Дурочка, дуреха. Глава пятая

Людмила Волкова
             Когда-то ласково обзывая жену дурехой, Валентин имел в виду ее простодушие и доверчивость, но никак не качество ума. Он вообще не думал об уме как категории требующей оценки. Мудрецы ему не встречались, умники, рядом с которыми было неуютно, остались в студенческой среде. Сейчас его окружали рядовые граждане, к каким он причислял и себя.
             Естественно – в глубине души он оценивал свою персону на пять с минусом, если по пятибалльной системе. По той же системе жена  могла рассчитывать на три с плюсом. Для счастливого брака вполне нормально. Но сейчас она вела себя как отличница, и это раздражало. Откуда-то прорезалась ироничность, совершенно не присущая Олесе. Юмор она понимала, но автором удачных шуток никогда не была. Она даже смеяться над откровенной глупостью считала нечестным. Откуда же взялись эти насмешливые нотки, и куда девалась неуверенность?
             Неузнавание жены привносил в ее образ какое-то очарование.. Ты смотри – какая! Даже не верится, что это она подавала к дивану еду и питье, как больному ребенку, гладила рубашки, чистила туфли, когда он опаздывал на работу (а он часто опаздывал),  и приносила к телевизору что-то открыть из консервации.
              – Ты извини, я не могу открыть сама, нож плохой.
              Он милостиво открывал. Первая жена, Елена, сказала бы иначе:
               – Слушай, лежебока, когда открывалку новую купишь?
               Ленка просто орала из кухни:
               – Сними банку с антресолей, я не дотянусь!
               И не спрашивала, на каком месте футбольного матча он вынужден прерваться ради дурацкой банки с огурцами.

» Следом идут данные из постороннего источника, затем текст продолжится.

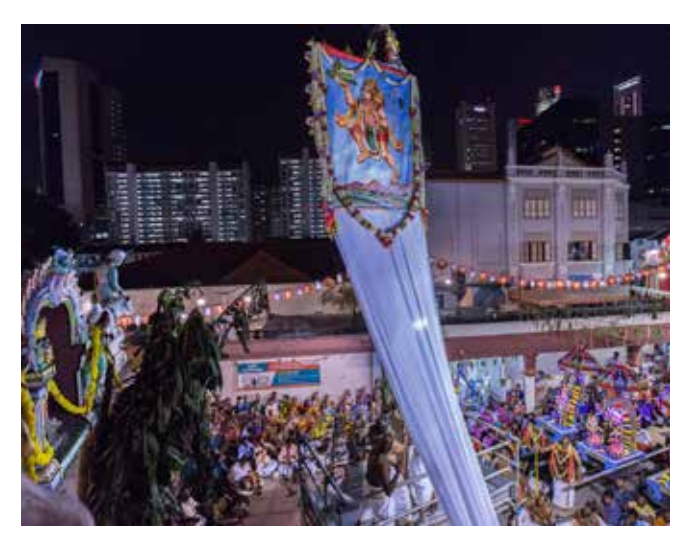
Sri Drowpathai Amman Kodiyetram drew a large crowd as it fell on the eve of National Day this year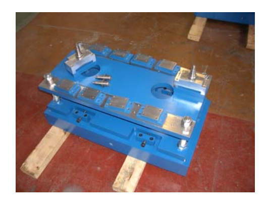
First frame support carriage manufactured and assembled by Liverpool University workshops.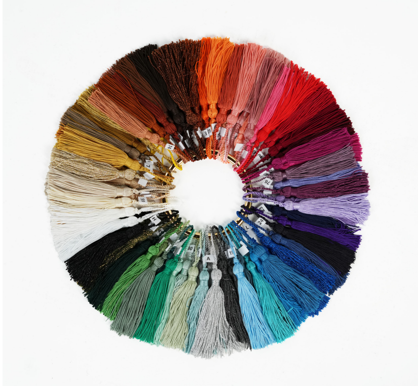
Lorenza Bozzoli Couture /New Riga Collection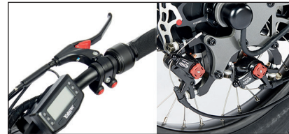
200/203 mm disc, two mechanical brakes, two aluminium levers with parking brake.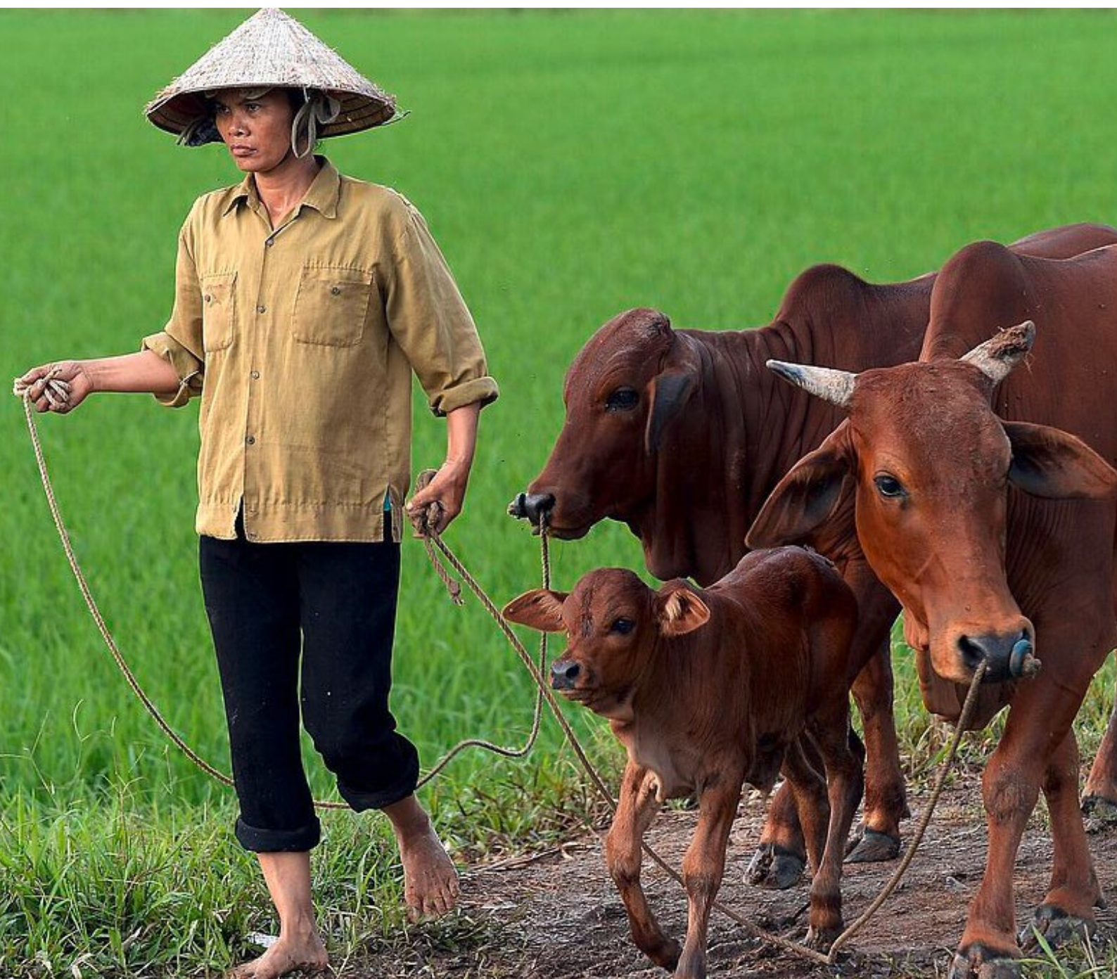
Female farmer in Vietnam: IKI advocating for sustainable and inclusive agriculture.

especially important role in this context as it can be a decisive starting point for monitoring and safeguarding the health of ecosystems. Here, too, it is important to involve the entire local community, particularly in decisions on resource utilisation, in a gender-differentiated and inclusive approach. At the same time, the loss and degradation of biodiversity do not affect all members of the groups concerned equally. Women and other marginalised groups are often disproportionately affected, thus reinforcing disadvantages and inequalities. The establishment and monitoring of protected areas present a particular challenge in biodiversity conservation. The key to effective and low-risk projects are innovative, community-based approaches that are gender-sensitive.

               Олеся ждала рекламы – не тревожила по пустякам. А сейчас он ее не тревожил – на всякий случай, чтоб не нарываться на насмешку. Сам  сходил на рынок, купил картошки, курицу, яблоки, любимые Олесины конфеты. Жена не растрогалась, вроде даже не заметила его подвига, но обед приготовила. Молча.
               Вечерами она теперь куда-то уходила, возвращалась поздно, а он метался по квартире, раздумывая, с какого бока подойти к супруге, чтобы
начать серьезный разговор. Но когда Олеся возвращалась, на него накатывал страх, и разговор откладывался на потом. Ниночка же ночевала дома все реже, совсем отбилась от рук. Семья  и точно разваливалась на куски... И все из-за крошечного греха Валентина – так он полагал, проклиная свою слабость, а вернее – неосторожность. Раньше-то обходилось как-то...
                И все-таки надежда, что все потихоньку утрясется, забудется, простится, потеряет остроту, не умирала. Вульгарный треугольник (вернее – прямоугольник) тоже распадется.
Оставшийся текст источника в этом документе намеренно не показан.